Directors of the company will need to take careful advice in these circumstances, as in some circumstances they may be personally liable where the company has been trading whilst insolvent or they may be guilty of misleading and deceptive conduct.
In many cases however the reality is that where the Buyer of a property is a company, there is a nominal deposit paid and there are no Personal Guarantees, Sellers will be very reluctant to take any action against a defaulting Buyer company .
6. PEST AND BUILDING REPORT
It is a standard provision in most Contracts of Sale for the purchase of a residential property, and even commercial properties, that the Contract is subject to a pest and building report from an Inspector of the Buyer’s choice.
There will often be something negative in the building report and you should carefully read the report in terms of the pest and building clause.
It may very well allow you the right to terminate the Contract of Sale because you are not satisfied with the contents of the report.
Beware the clauses that have been prepared by Real Estate Agents however which substantially water down your rights to terminate the Contract of Sale as they often go on to provide that the building defects must be structural (there are many serious building defects that are not structural) and the pest infestation must be manifest (what does that mean?).
It should also be appreciated that the standard finance clause utilised throughout the country provides that the Contract is subject to finance approval “on terms satisfactory to the Buyer”.
Therefore, even if the loan is approved, if it is not on terms satisfactory to the Buyer eg. the interest rate is too high or the repayment schedule too long or the fees and charges excessive, the Buyer can terminate the Contract of Sale.
Beware however if you have obtained a “pre approval” letter and the approval comes through on the same terms as the pre approval.
It would be very difficult in those circumstances for you to argue that you are not satisfied with the terms of a finance approval that you had already obtained before entering into the Contract.
The most vulnerable group in the community who fall into this trap are in my experience the young testosterone filled males who are so proud and boastful of their ability to obtain pre-approval of finance that they can’t contain themselves or stop bragging about this fact to the Agent at the time of negotiating the Contract.
An astute Agent will take advantage of this human failing and quietly take a copy of the pre-approval letter.
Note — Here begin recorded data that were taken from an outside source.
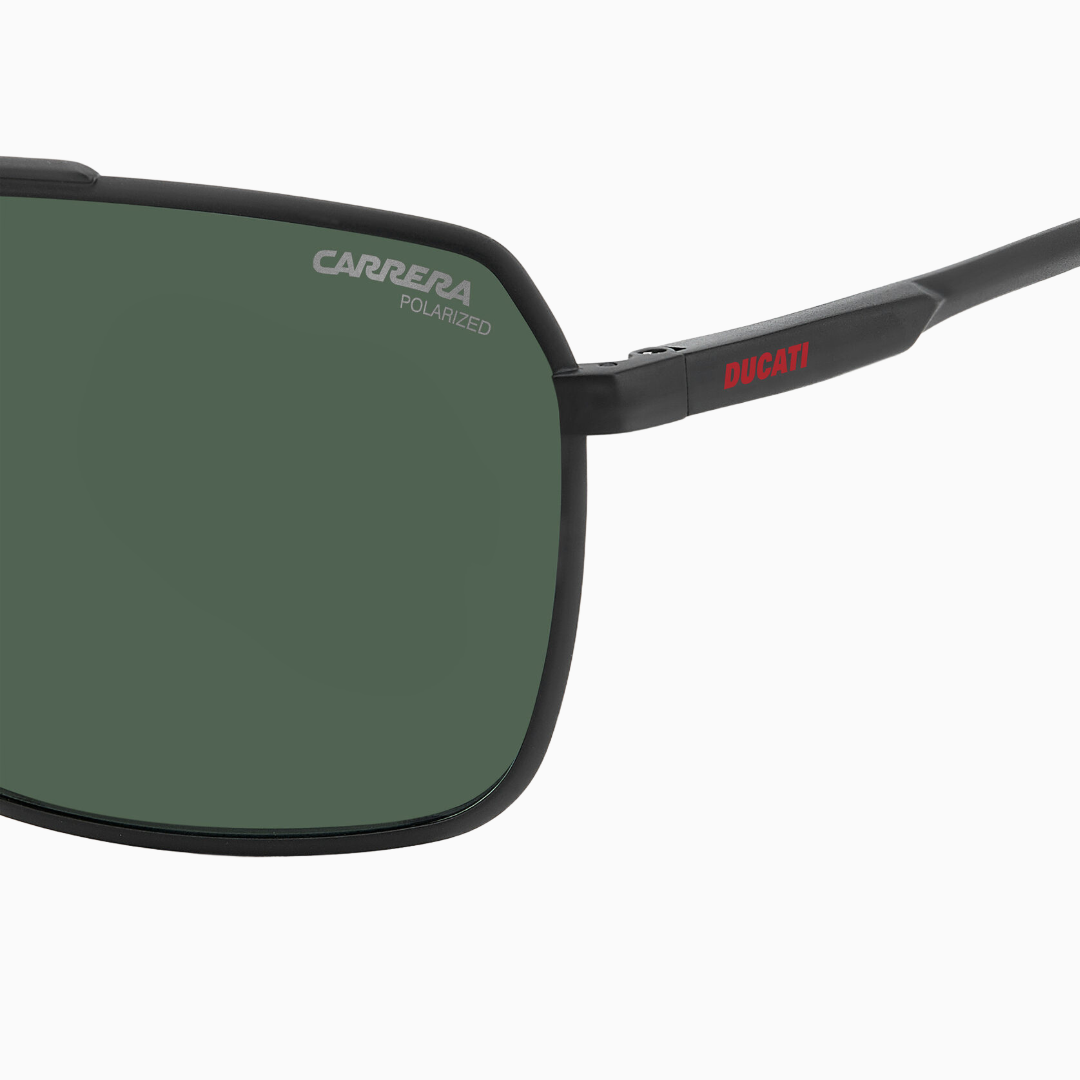 Стильные мужские солнцезащитные очки CARRERA DUCATI в матово‑чёрной оправе — выбор тех, кто ценит итальянский дизайн, технологичность и дух спортивного соперничества. Модель создана в коллаборации брендов Carrera и Ducati: вдохновение дизайнеры черпали у мотоцикла Ducati Panigale V4.
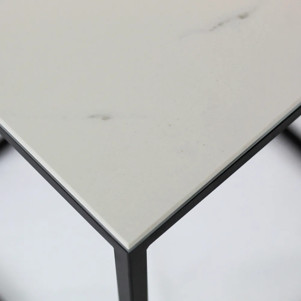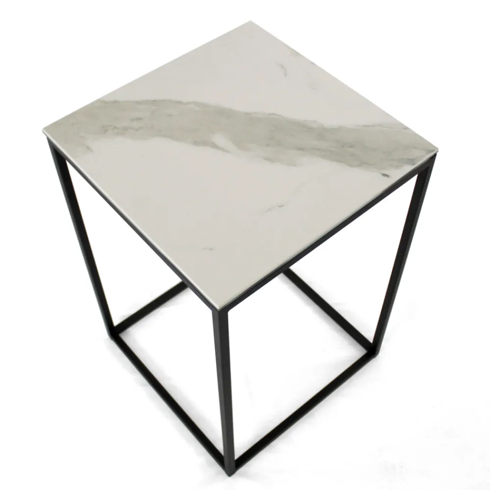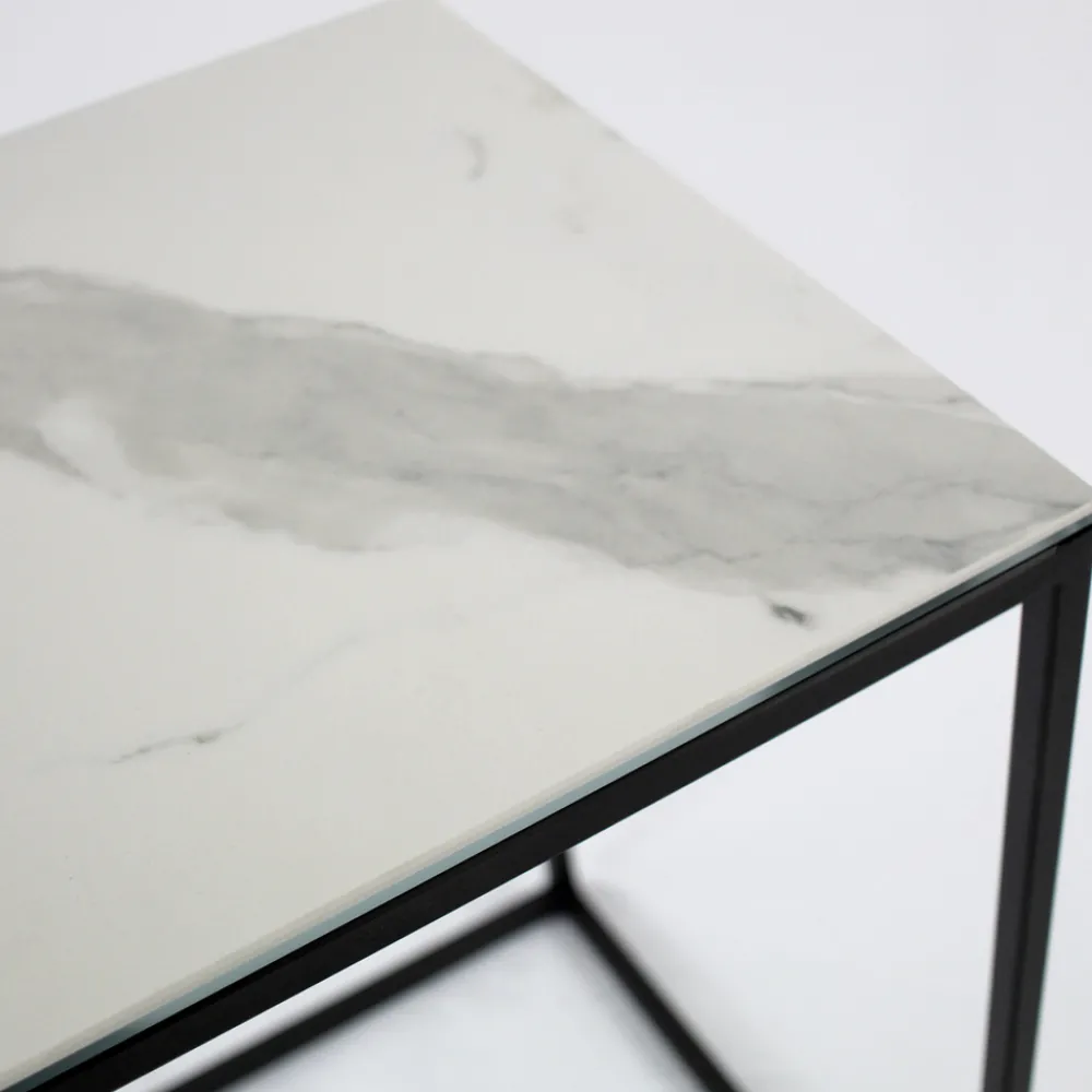 Quadratischer Couchtisch mit lackiertem Stahlsockel und Tischplatte aus 3 mm dickem, matt geädertem Steinzeug in Statuenweiß, laminiert mit 6 mm dickem Floatglas. Die Couchtische im modernen Stil stellen das perfekte Möbelstück dar, um die Dekoration jedes Wohn- und Wohnzimmers zu vervollständigen. Diese Produkte sind einzigartig, elegant und funktional zugleich, dank ihrer einfachen und harmonischen Verarbeitung, die sie für jeden Bedarf und Anlass geeignet macht. Die für die Konstruktion verwendeten Materialien garantieren auch im Laufe der Zeit eine hohe Qualität und Widerstandsfähigkeit.
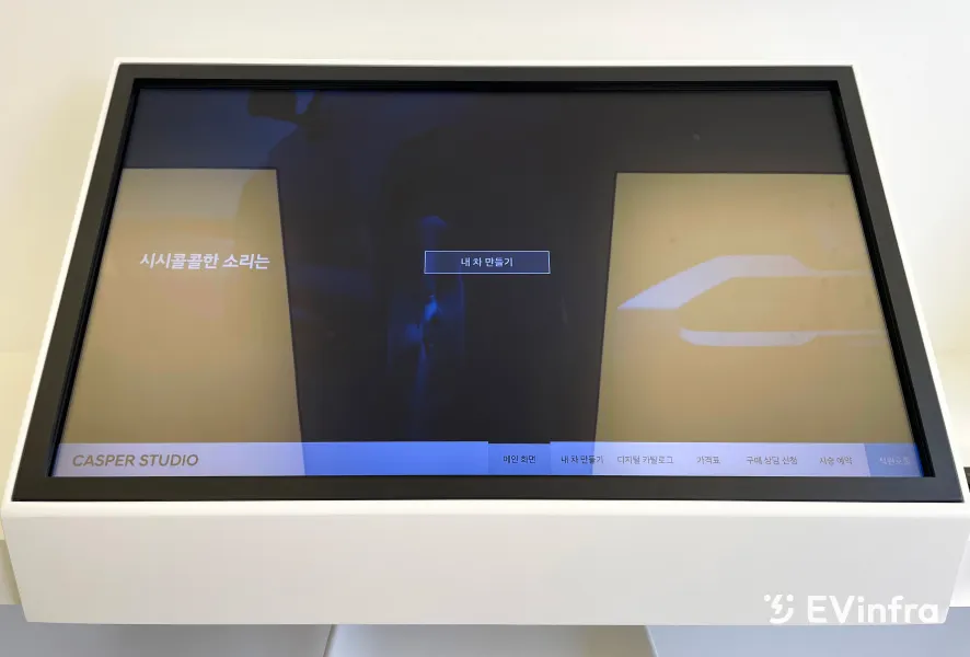 캐스퍼 전시장, 모의견적이나 카탈로그 등을 확인할 수 있는 캐스퍼 커넥터 존, 비대면 상담을 위한 프라이빗 부스로 구성되어 있는데요. 이렇게 봐선 감이 잘 안 오시죠? 지금부터 EV Infra와 함께 돌아봐요!

So for the young males who are reading this article, keep your ego in check.
Sellers might be also interested to know that under most standard finance clauses if the Buyer does not advise them in writing within the finance approval period that they have either obtained finance or not or they waive the benefit of the finance clause, the Seller can after the expiration of that period themself terminate the Contract.
8. POST SCRIPT
If after making it all the way to the end of this article you feel that property investment is no longer your cup of tea and is not for you because there are just too many loopholes and risks, then think of it this way.
Property investment may very well be the road to ruin – but at least it is the scenic route.